On the Article collection page, I can easily show all of them, because there the tags are in a regular Collection List rather than a nested one.
This is a good use case for a multi-ref field.
USE CASE #2 - Sample sets
Display a selected sampling of related items, as a convenience.
EXAMPLE - I have a list of Products and I want to show a few of the most popular Variants. On the main catalog page, I want to list my 100 top product, each with up to 5 popular variants.
This works because again, the limit of 5 is fine, and next to those 5, I will place a link titled "See all variants".
Tips
Splitting Multi-Refs
In an [A] -> [B] => [C] setup, a CL bound to [A] cannot access [C].
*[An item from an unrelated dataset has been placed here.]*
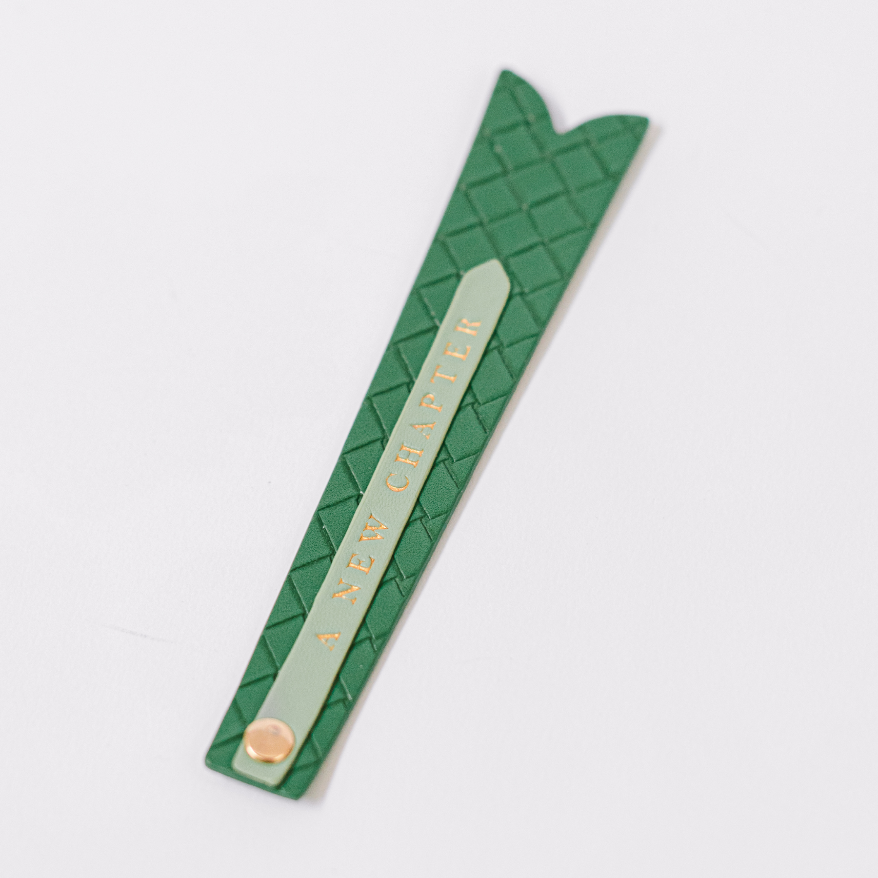 -Set includes 1 gold metal clip bookmark and 1 vegan leather bookmark with gold foil lettering

A small part of this access limitation can be overcome by splitting the multi-ref field into a primary single-ref and other multi-refs field.
- Primary ref would be a ref from [B] -> [C] that represents e.g. the most important category.
- Other refs would be a multi-ref from [B] => [C] that represents additional categories.
Advantages;
- This approach allows you to access some of the data you need to display in a "most important" or "sample of" kind of way.
- It works great with tools like FS filter.
- It's easy to manage
Disadvantages;
- Need to educate clients on the split ( no duplicates )
- This setup consumes two ref fields of your 5 ( CMS plan ) or 10 ( Business plan ) limit.